Homework 1

hw1

desriptive statistics

probability

The first homework on descriptive statistics and probability

Author

Yakub Rabiutheen

Published

September 20, 2022

Question 1

a

First, let’s read in the data from the Excel file:

Code

library(readxl)
df <- read_excel("_data/LungCapData.xls")

The distribution of LungCap looks as follows:

Code

hist(df$LungCap,freq = FALSE)

The histogram suggests that the distribution is close to a normal distribution. Most of the observations are close to the mean.

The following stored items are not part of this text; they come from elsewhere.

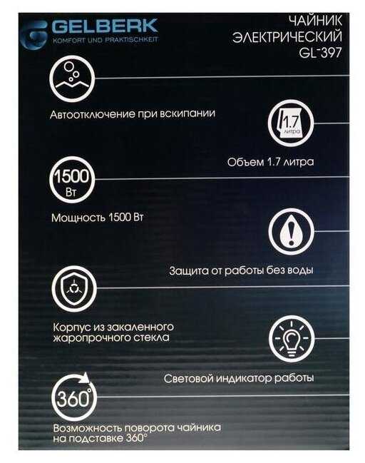 Безопасность : | блокировка включения без воды, блокировка крышки, отключение при снятии с подставки |
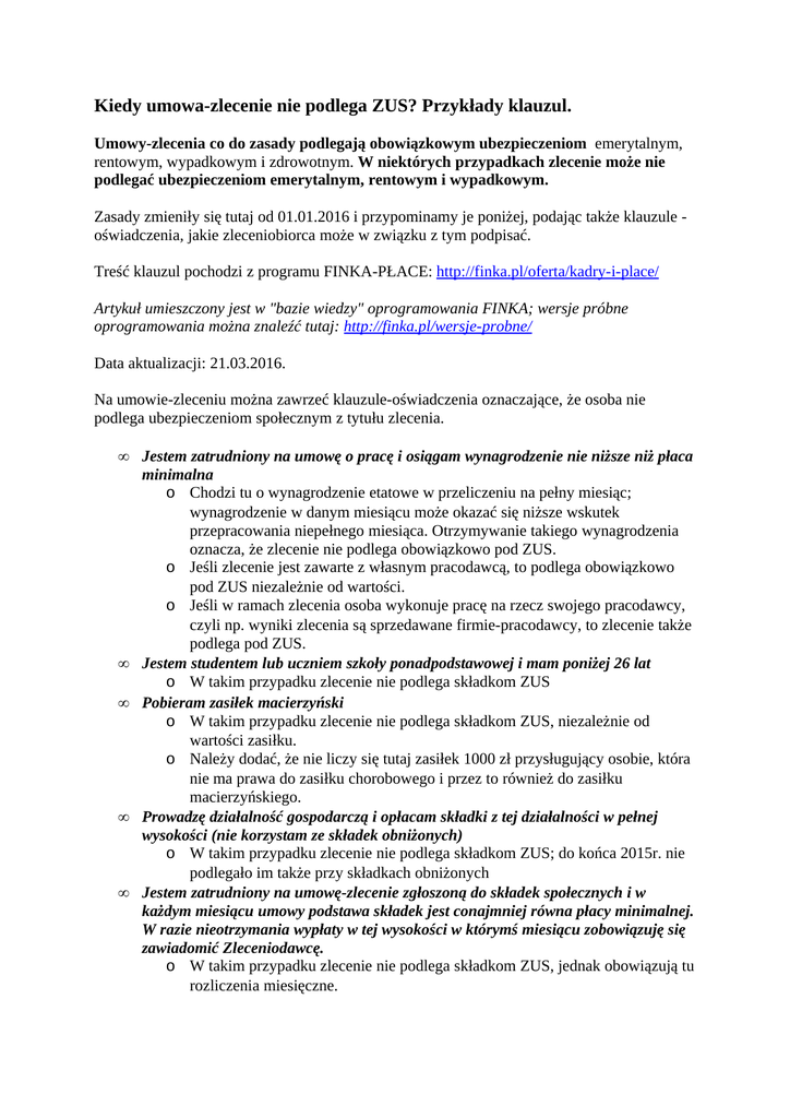 Kiedy umowa-zlecenie nie podlega ZUS? Przykłady klauzul. Umowy-zlecenia co do zasady podlegają obowiązkowym ubezpieczeniom emerytalnym, rentowym, wypadkowym i zdrowotnym. W niektórych przypadkach zlecenie może nie podlegać ubezpieczeniom emerytalnym, rentowym i wypadkowym. Zasady zmieniły się tutaj od 01.01.2016 i przypominamy je poniżej, podając także klauzule oświadczenia, jakie zleceniobiorca może w związku z tym podpisać. Treść klauzul pochodzi z programu FINKA-PŁACE: http://finka.pl/oferta/kadry-i-place/ Artykuł umieszczony jest w "bazie wiedzy" oprogramowania FINKA; wersje próbne oprogramowania można znaleźć tutaj: http://finka.pl/wersje-probne/ Data aktualizacji: 21.03.2016. Na umowie-zleceniu można zawrzeć klauzule-oświadczenia oznaczające, że osoba nie podlega ubezpieczeniom społecznym z tytułu zlecenia. • • • • • Jestem zatrudniony na umowę o pracę i osiągam wynagrodzenie nie niższe niż płaca minimalna o Chodzi tu o wynagrodzenie etatowe w przeliczeniu na pełny miesiąc; wynagrodzenie w danym miesiącu może okazać się niższe wskutek przepracowania niepełnego miesiąca. Otrzymywanie takiego wynagrodzenia oznacza, że zlecenie nie podlega obowiązkowo pod ZUS. o Jeśli zlecenie jest zawarte z własnym pracodawcą, to podlega obowiązkowo pod ZUS niezależnie od wartości. o Jeśli w ramach zlecenia osoba wykonuje pracę na rzecz swojego pracodawcy, czyli np. wyniki zlecenia są sprzedawane firmie-pracodawcy, to zlecenie także podlega pod ZUS. Jestem studentem lub uczniem szkoły ponadpodstawowej i mam poniżej 26 lat o W takim przypadku zlecenie nie podlega składkom ZUS Pobieram zasiłek macierzyński o W takim przypadku zlecenie nie podlega składkom ZUS, niezależnie od wartości zasiłku. o Należy dodać, że nie liczy się tutaj zasiłek 1000 zł przysługujący osobie, która nie ma prawa do zasiłku chorobowego i przez to również do zasiłku macierzyńskiego. Prowadzę działalność gospodarczą i opłacam składki z tej działalności w pełnej wysokości (nie korzystam ze składek obniżonych) o W takim przypadku zlecenie nie podlega składkom ZUS; do końca 2015r. nie podlegało im także przy składkach obniżonych Jestem zatrudniony na umowę-zlecenie zgłoszoną do składek społecznych i w każdym miesiącu umowy podstawa składek jest conajmniej równa płacy minimalnej. W razie nieotrzymania wypłaty w tej wysokości w którymś miesiącu zobowiązuję się zawiadomić Zleceniodawcę. o W takim przypadku zlecenie nie podlega składkom ZUS, jednak obowiązują tu rozliczenia miesięczne. o Jeśli zlecenie podlegające ZUS ma w którymś miesiącu podstawę niższą niż płaca minimalna, to drugie zlecenie podlega obowiązkowo składkom za ten miesiąc o Jeśli wypłata ze zlecenia podlegającego ZUS nastąpi w następnym miesiącu, to poprzedni miesiąc traktowany jest jak miesiąc bez wypłaty podlegającej ZUS. Wówczas druga umowa podlega pod ZUS za ten miesiąc, niezależnie od tego, kiedy nastąpi wypłata o Jeśli wypłata ze zlecenia podlegającego ZUS nastąpi po zakończeniu umowy (w innym miesiącu), to ZUS w ogóle jej nie liczy jako wynagrodzenia z tytułu zlecenia (stosuje sie tytuł ubezpieczenia "wypłata po zakończeniu umowy") o Jeśli dwa zlecenia rozpoczynają się w tym samym miesiącu w różnych dniach, to za dni, w których trwa tylko jedno zlecenie, podlega ono obowiązkowym składkom. Ten i poprzednie punkty wynikają z "poradnika" ogłoszonego przez ZUS w związku ze zmianami przepisów od 01.01.2016. Powyższe uwagi dotyczą ubezpieczeń społecznych, tj. emerytalnego, rentowego i wypadkowego. Zgłoszenie do chorobowego jest zawsze dobrowolne (można się zgłosić tylko jeśli zgłaszamy do emerytalnego). Natomiast składki zdrowotne od zlecenia są obowiązkowe niezależnie od tego, czy obowiązują pozostałe składki. Oprac. Krzysztof Piasecki, TIK-SOFT Sp. z o.o. na podstawie Dz.U. 1831 r. 2014 [wszedł w życie od 01.01.2016] http://dziennikustaw.gov.pl/du/2014/1831/1 oraz poradnika ZUS http://www.zus.pl/default.asp?p=1&id=5835 21.03.2016
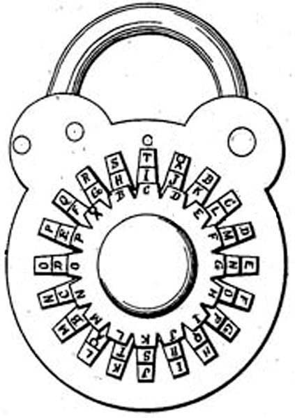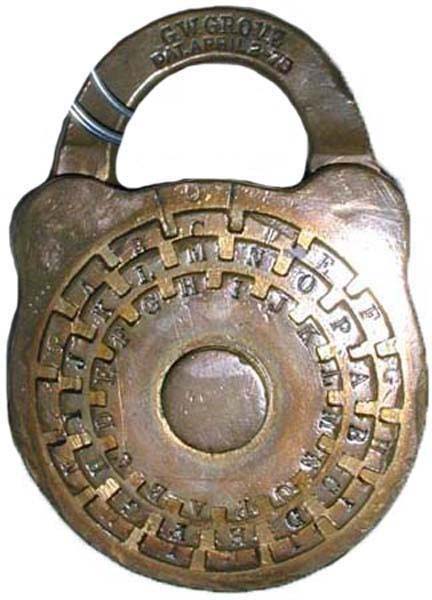 "G.W. GROVE". 3 1/4" high x 2 1/2" wide. Brass body. Brass shackle. Brass dials.
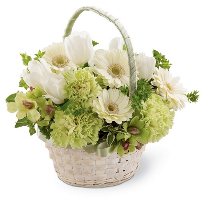 This pretty white basket holds white tulips, pistachio carnations, white mini Gerbera daisies and a single green cymbidium orchid. Your little Flower Girl will be thrilled to carry her basket down the aisle.
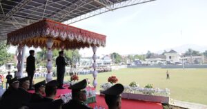 TAJUK KOTAMOBAGU – Penjabat (Pj) Wali Kota Kotamobagu, Abdullah Mokoginta., S.H., M.Si memimpin Upacara Peringatan Hari Sumpah Pemuda ke-96 Tahun 2024, di Alun-alun Boki Hontinimbang-Kotamobagu, Senin (28/10/2024).
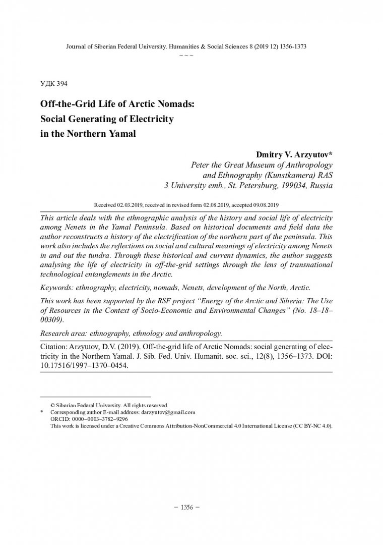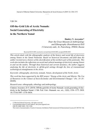Библиографическое описание:Arzyutov, Dmitry. Off-the-Grid Life of Arctic Nomads: Social Generating of Electricity in the Northern Yamal = Жизнь вне сети арктических кочевников: социальное генерирование электричества на Северном Ямале / D. V. Arzyutov. - Текст : непосредственный // Журнал Сибирского федерального университета. Гуманитарные науки. - 2019. - Т. 12, № 8. - С. 1356-1373. - Библиогр.: с. 1370-1373. - ISSN 1997-1370.

Very few observations are close to the margins (0 and 15).

b

Comparison of the Genders for both Men and Women using a Boxplot.

Code

boxplot(df$LungCap ~ df$Gender)

c

Here is the capacity of Smokers vs Non-Smokers

Code

boxplot(df$LungCap~df$Smoke,
        ylab = "Capacity", 
        main = "Lung Capacity of Smokers Vs Non-Smokers",
        las = 1)

d

Let’s break it down even further, this is the Lung Capacity by Age Group

Code

df$Agegroups<-cut(df$Age,breaks=c(-Inf, 13, 15, 17, 20), labels=c("0-13 years", "14-15 years", "16-17 years", "18+ years"))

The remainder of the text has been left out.